[Collected data entries]

▼

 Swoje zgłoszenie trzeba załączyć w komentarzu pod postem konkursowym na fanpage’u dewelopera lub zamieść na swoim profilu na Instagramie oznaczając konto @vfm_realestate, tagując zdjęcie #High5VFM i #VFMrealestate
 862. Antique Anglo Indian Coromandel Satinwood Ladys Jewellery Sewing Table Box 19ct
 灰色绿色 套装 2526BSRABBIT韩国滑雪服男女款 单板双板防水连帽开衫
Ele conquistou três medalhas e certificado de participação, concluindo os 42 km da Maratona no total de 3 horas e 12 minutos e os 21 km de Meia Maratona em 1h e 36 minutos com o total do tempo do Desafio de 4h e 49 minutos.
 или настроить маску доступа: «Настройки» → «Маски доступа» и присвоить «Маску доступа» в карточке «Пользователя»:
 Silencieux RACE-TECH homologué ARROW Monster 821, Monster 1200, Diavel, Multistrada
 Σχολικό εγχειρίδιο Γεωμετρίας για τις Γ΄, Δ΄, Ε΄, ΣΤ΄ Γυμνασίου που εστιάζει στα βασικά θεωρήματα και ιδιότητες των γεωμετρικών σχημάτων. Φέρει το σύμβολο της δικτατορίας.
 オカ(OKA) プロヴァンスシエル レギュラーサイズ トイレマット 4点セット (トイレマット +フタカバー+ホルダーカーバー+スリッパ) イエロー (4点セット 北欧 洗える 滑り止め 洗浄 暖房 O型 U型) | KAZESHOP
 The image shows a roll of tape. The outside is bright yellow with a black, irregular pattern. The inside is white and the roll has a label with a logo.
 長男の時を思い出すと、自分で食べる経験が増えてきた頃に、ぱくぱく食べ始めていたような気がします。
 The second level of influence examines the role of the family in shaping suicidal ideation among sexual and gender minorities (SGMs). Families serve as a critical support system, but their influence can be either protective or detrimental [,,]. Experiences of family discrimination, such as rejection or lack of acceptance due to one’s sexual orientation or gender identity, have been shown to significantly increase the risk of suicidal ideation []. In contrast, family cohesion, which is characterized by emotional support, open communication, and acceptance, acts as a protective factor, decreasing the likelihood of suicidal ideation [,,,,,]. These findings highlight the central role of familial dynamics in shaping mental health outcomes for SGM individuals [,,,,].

▲

**Description of the task:**
With nothing left out, copy the data above exactly.

**Answer to the problem:**
 Swoje zgłoszenie trzeba załączyć w komentarzu pod postem konkursowym na fanpage’u dewelopera lub zamieść na swoim profilu na Instagramie oznaczając konto @vfm_realestate, tagując zdjęcie #High5VFM i #VFMrealestate
 862. Antique Anglo Indian Coromandel Satinwood Ladys Jewellery Sewing Table Box 19ct
 灰色绿色 套装 2526BSRABBIT韩国滑雪服男女款 单板双板防水连帽开衫
Ele conquistou três medalhas e certificado de participação, concluindo os 42 km da Maratona no total de 3 horas e 12 minutos e os 21 km de Meia Maratona em 1h e 36 minutos com o total do tempo do Desafio de 4h e 49 minutos.
 или настроить маску доступа: «Настройки» → «Маски доступа» и присвоить «Маску доступа» в карточке «Пользователя»:
 Silencieux RACE-TECH homologué ARROW Monster 821, Monster 1200, Diavel, Multistrada
 Σχολικό εγχειρίδιο Γεωμετρίας για τις Γ΄, Δ΄, Ε΄, ΣΤ΄ Γυμνασίου που εστιάζει στα βασικά θεωρήματα και ιδιότητες των γεωμετρικών σχημάτων. Φέρει το σύμβολο της δικτατορίας.
 オカ(OKA) プロヴァンスシエル レギュラーサイズ トイレマット 4点セット (トイレマット +フタカバー+ホルダーカーバー+スリッパ) イエロー (4点セット 北欧 洗える 滑り止め 洗浄 暖房 O型 U型) | KAZESHOP
 The image shows a roll of tape. The outside is bright yellow with a black, irregular pattern. The inside is white and the roll has a label with a logo.
 長男の時を思い出すと、自分で食べる経験が増えてきた頃に、ぱくぱく食べ始めていたような気がします。
 The second level of influence examines the role of the family in shaping suicidal ideation among sexual and gender minorities (SGMs). Families serve as a critical support system, but their influence can be either protective or detrimental [,,]. Experiences of family discrimination, such as rejection or lack of acceptance due to one’s sexual orientation or gender identity, have been shown to significantly increase the risk of suicidal ideation []. In contrast, family cohesion, which is characterized by emotional support, open communication, and acceptance, acts as a protective factor, decreasing the likelihood of suicidal ideation [,,,,,]. These findings highlight the central role of familial dynamics in shaping mental health outcomes for SGM individuals [,,,,].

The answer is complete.